Redação do Site Inovação Tecnológica - 24/10/2025

Unidades variáveis de tempo
Observe um relógio analógico e você verá que os tracinhos que representam os minutos ou os segundos têm todos o mesmo espaçamento. Não é por acaso que há um esforço contínuo para tornar mais precisa a definição do segundo, já que é assim que melhoramos a precisão dos relógios.
Então, talvez pareça um contrassenso construir um relógio cuja unidade fundamental não seja um evento precisamente definido, mas eventos totalmente aleatórios, com durações aleatórias.
Mas é justamente isto que Kacper Prech e colegas do King's College de Londres estão propondo - e eles já demonstraram matematicamente que esse relógio de "segundos variáveis" medirá o tempo com precisão e confiabilidade.
É famosa a frase de Einstein, de que "Tempo é qualquer coisa que um relógio meça". Dando-lhe razão, os físicos defendem agora que, embora os relógios comuns façam tique-taque em intervalos regulares, eventos que não seguem um padrão predeterminado também podem ser usados para medir o tempo.
"Nosso objetivo era descobrir os ingredientes mínimos necessários para construir um relógio. Por exemplo, você ainda conseguiria medir o tempo com precisão mesmo estando preso em uma ilha deserta? Encontramos equações que mostram como criar um relógio contando eventos aleatórios ao seu redor, como ondas quebrando na praia ou seus batimentos cardíacos," explicou o professor Mark Mitchison.

Relógio mais preciso possível
A grande descoberta da equipe consiste em um conjunto de equações matemáticas que descreve como transformar qualquer sequência de eventos aleatórios em um relógio.
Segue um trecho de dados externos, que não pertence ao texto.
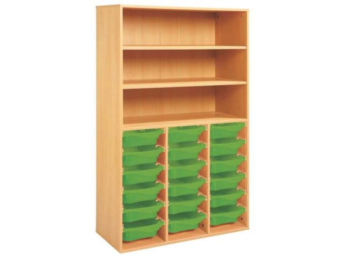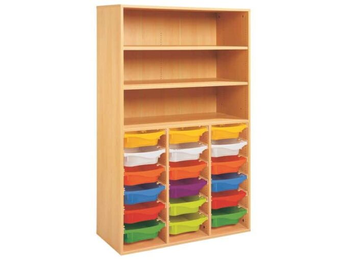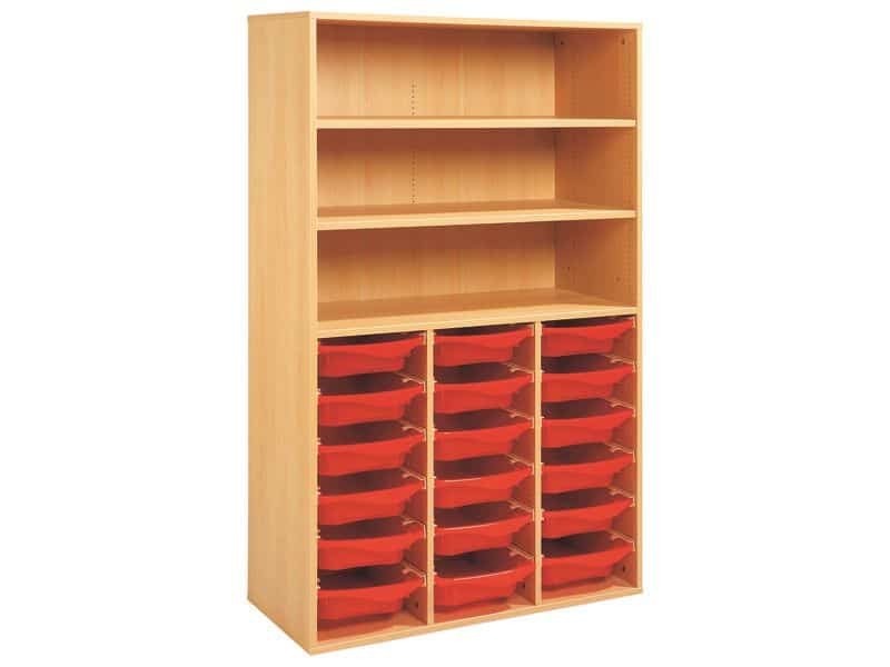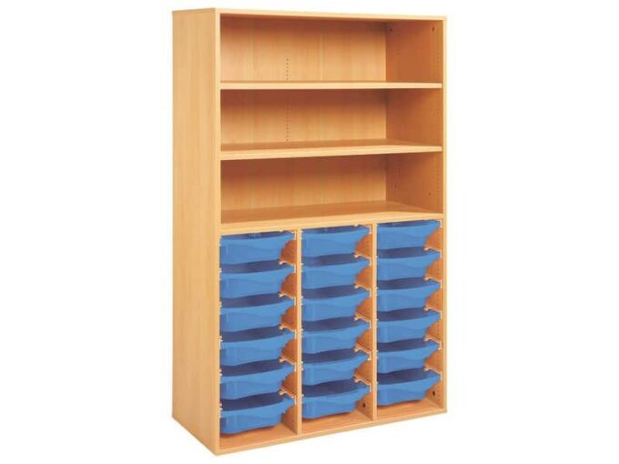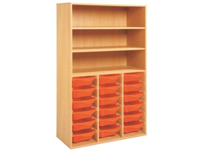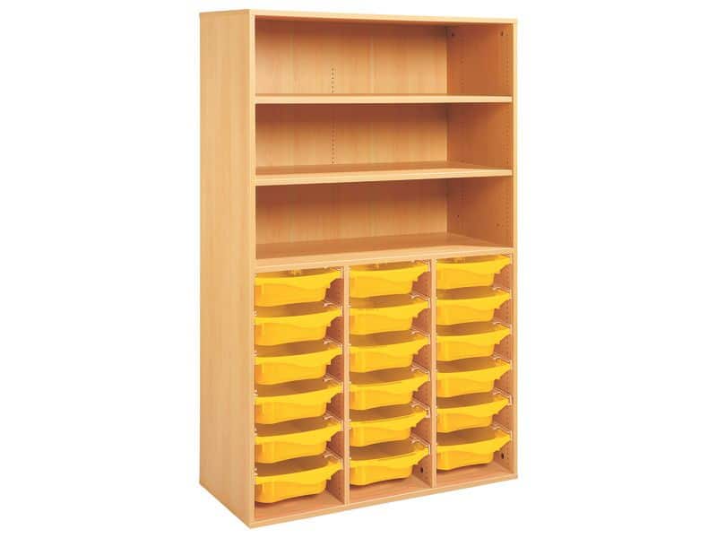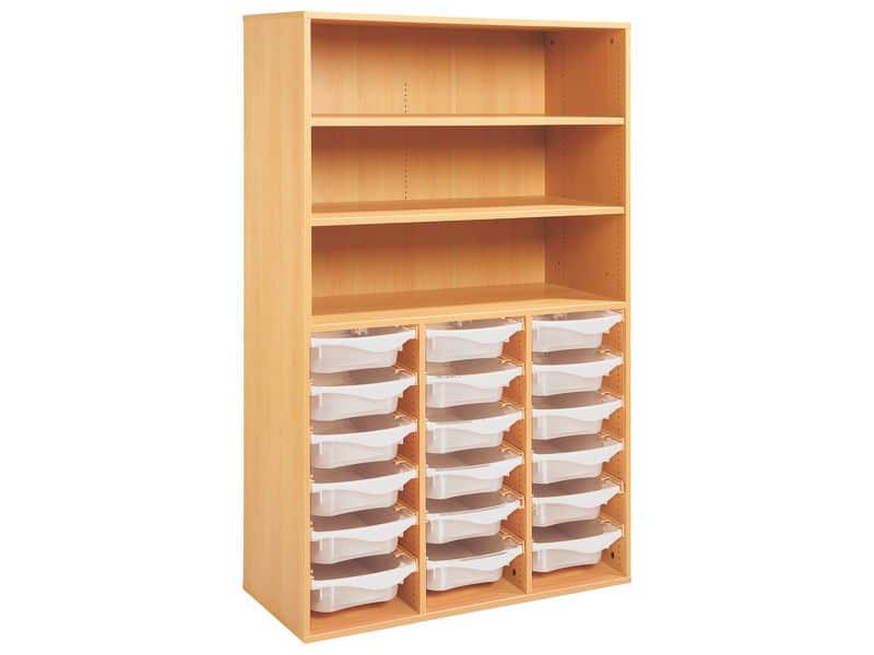 Technische Daten Regal mit Melaminbeschichtung mit 18 Behälter auf Schienen- 3 Regalbretter – Höhe: 162 cm – Länge: 105 cm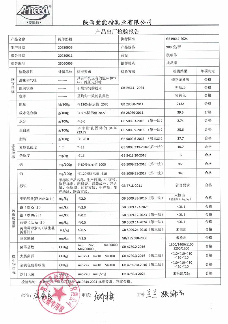 凯瑞羊纯羊奶粉908克2025年9月6日检验报告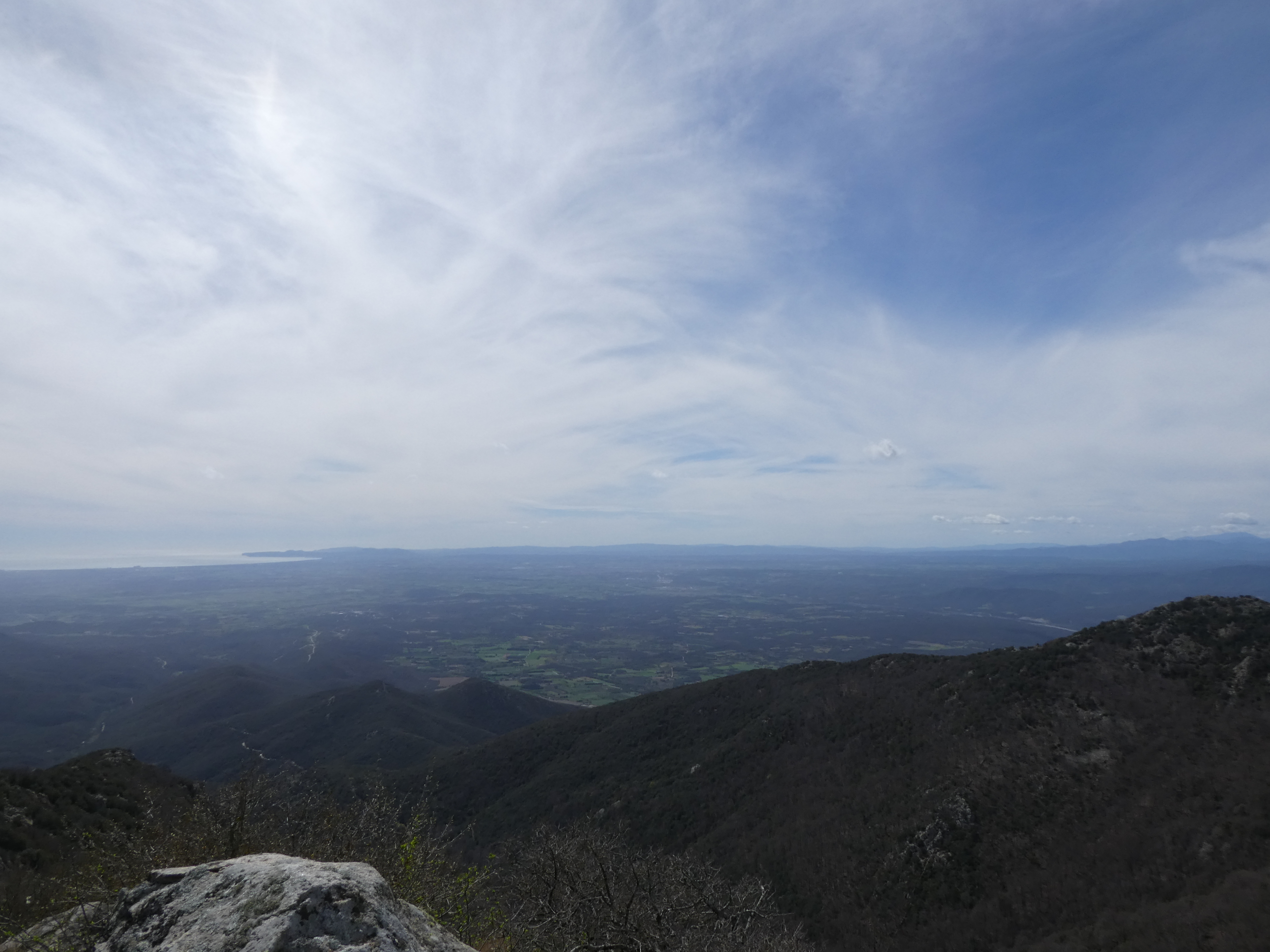 Arrivée au sommet du Puig Pinyer (952 m) : beau panorama sur les sommets des Albères, du Parc Natural de Cap de Creus, de l'Empordà, de la Garrotxa, du Haut-Vallespir ainsi que sur la plaine de l'Empordà, la baie de Roses et la Vallée du Tech

Eles defendem que essas fórmulas podem ajudar a entender os processos biológicos fundamentais, como as máquinas moleculares, o transporte de proteínas, descobrir como as células do nosso corpo medem o tempo e muito mais.
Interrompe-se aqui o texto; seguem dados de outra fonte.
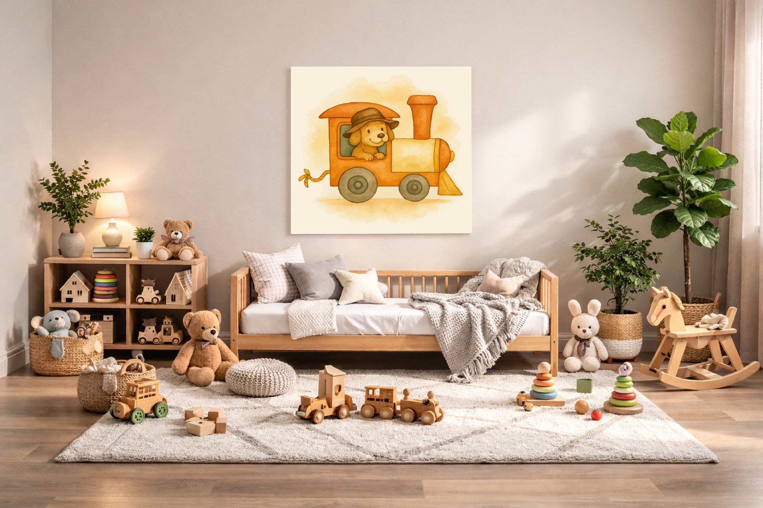 Perfect for farm-themed nurseries or countryside baby rooms, this locomotive print works beautifully as the starting piece of a coordinated animal train display.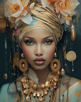 Modern digital art portret van een jonge vrouw met bloemen in pastelkleuren. Dit is een echte blikvanger! Kies zelf het formaat en materiaal en maak het helemaal passend voor jouw interieur.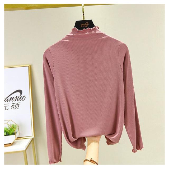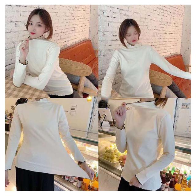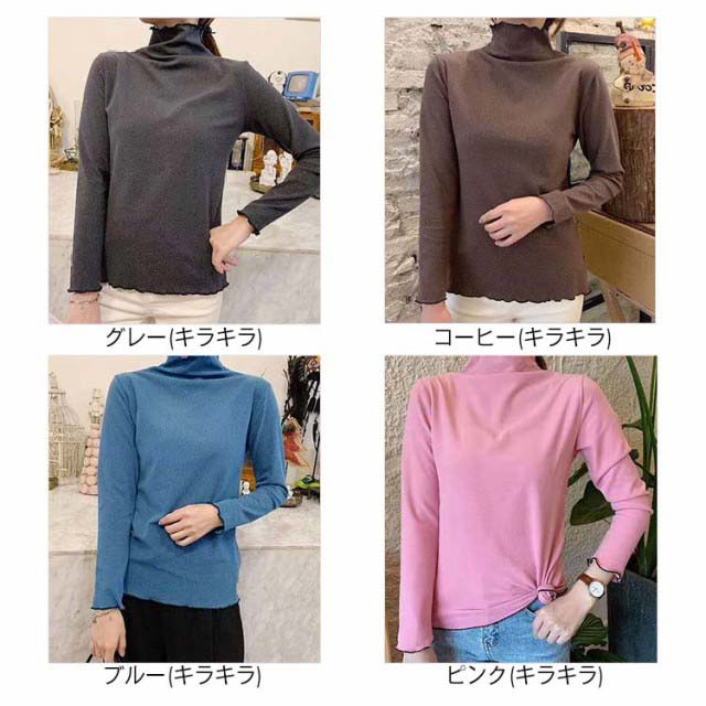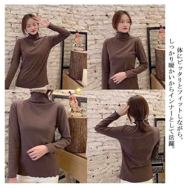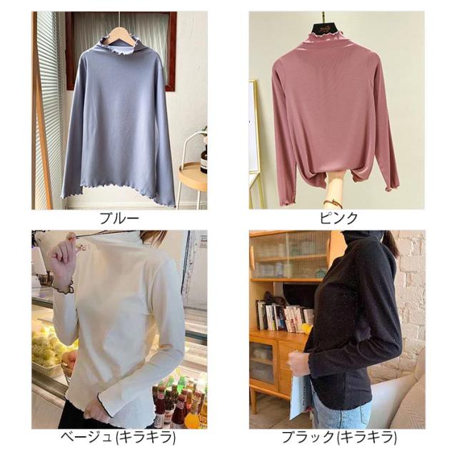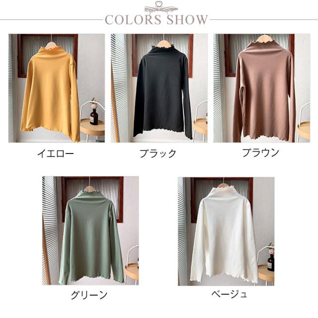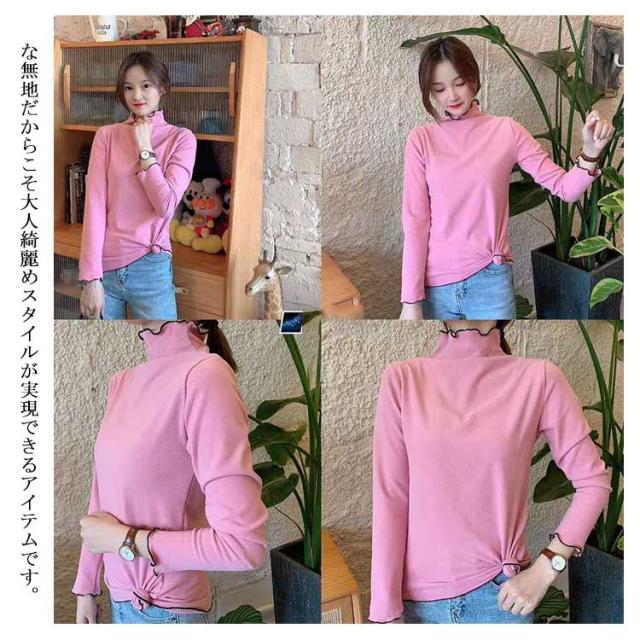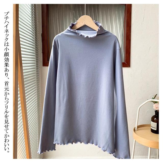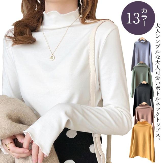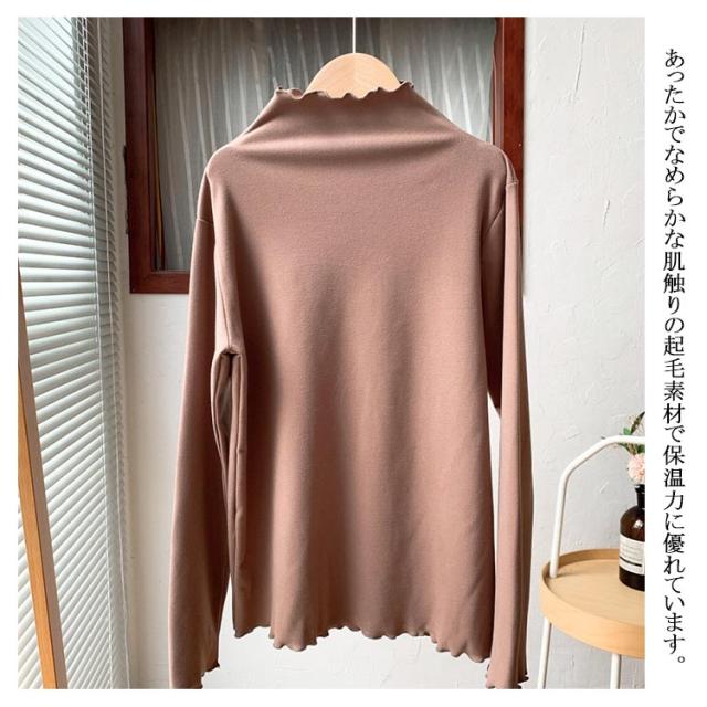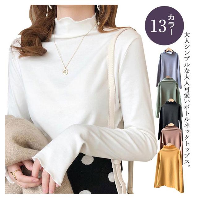 トップス カットソー 秋冬 暖かい プチハイネック レディース 全13色 メロウ フリル インナー 長袖 防寒 ボトルネック 重ね着 無地 スリム あったか 保温 着痩せ シンプル おしゃれ プルオーバー 送料無料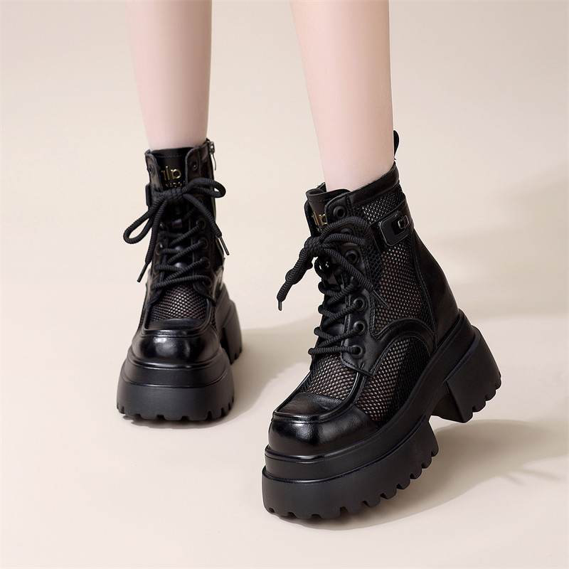 2026款春夏天马丁靴厚底网纱靴时尚女鞋透气靴子黑色镂空薄款凉鞋

Por exemplo, alguns processos consistem em "saltos" tipicamente aleatórios ocorrendo em intervalos irregulares. Se cada salto depende apenas do salto anterior, o processo é chamado de markoviano - uma cadeia de Markov (Andrey Andreyevich Markov [1856-1922]) é um modelo matemático usado para descrever uma sequência de eventos aleatórios. Exemplos podem ser encontrados em toda a natureza, desde nossos batimentos cardíacos até a flutuação dos preços das ações.
Usando as novas equações para analisar esses saltos, é possível estimar quanto tempo passou e estabelecer o limite matemático mais estrito até o momento sobre a precisão desse relógio.
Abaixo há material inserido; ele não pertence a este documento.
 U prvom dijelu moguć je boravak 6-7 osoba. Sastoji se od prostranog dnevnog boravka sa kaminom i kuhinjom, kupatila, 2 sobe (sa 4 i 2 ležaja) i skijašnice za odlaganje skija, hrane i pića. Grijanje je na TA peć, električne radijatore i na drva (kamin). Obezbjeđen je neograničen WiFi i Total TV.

E talvez seja aí que reside outro grande interesse nesse relógio de segundos aleatórios: Detectar os efeitos da mecânica quântica no mundo em escala humana.
"Este acaba sendo o melhor relógio possível que se pode construir contando eventos markovianos em um sistema regido pela física clássica. Portanto, se você encontrar um sistema que não segue o padrão esperado, pode ter certeza de que algo mais está acontecendo, como um comportamento quântico subjacente," explica o professor Mitchison.

Detectar a quanticidade do Universo
Cronometrar processos naturais que ocorrem em saltos pode ter implicações de longo alcance, ajudando a entender proteínas com movimentos rítmicos que apresentam mau funcionamento em doenças neurodegenerativas ou receptores químicos que as células usam para detectar toxinas prejudiciais.
Mas também pode ajudar a resolver um dos maiores enigmas da ciência moderna: Quando é que a física clássica deixa de funcionar e a mecânica quântica passa a vigorar? Alguns físicos acreditam que há uma fronteira entre o quântico e o clássico, enquanto outros pensam o contrário, que não há fronteira entre o mundo quântico e o mundo clássico.
Se o relógio agora proposto se comportar de forma diferente do que as equações sugerem, então não se trata de um processo markoviano clássico e pode haver efeitos quânticos subjacentes no sistema. Da mesma forma, relógios que usam física quântica não são restringidos pelo limite, o que explica por que tecnologias quânticas, como os relógios atômicos, podem ter um desempenho melhor do que qualquer relógio clássico.
"O tempo está no cerne de muitos mistérios não resolvidos da física quântica. Por que o tempo parece fluir em apenas uma direção? Por que nos lembramos apenas do passado e não do futuro? O tempo é quantizado em blocos discretos, da mesma forma que a energia? Ao refletir sobre o que os relógios podem fazer, esperamos, em última análise, responder a algumas dessas perguntas sobre a natureza do próprio tempo," concluiu Mitchison.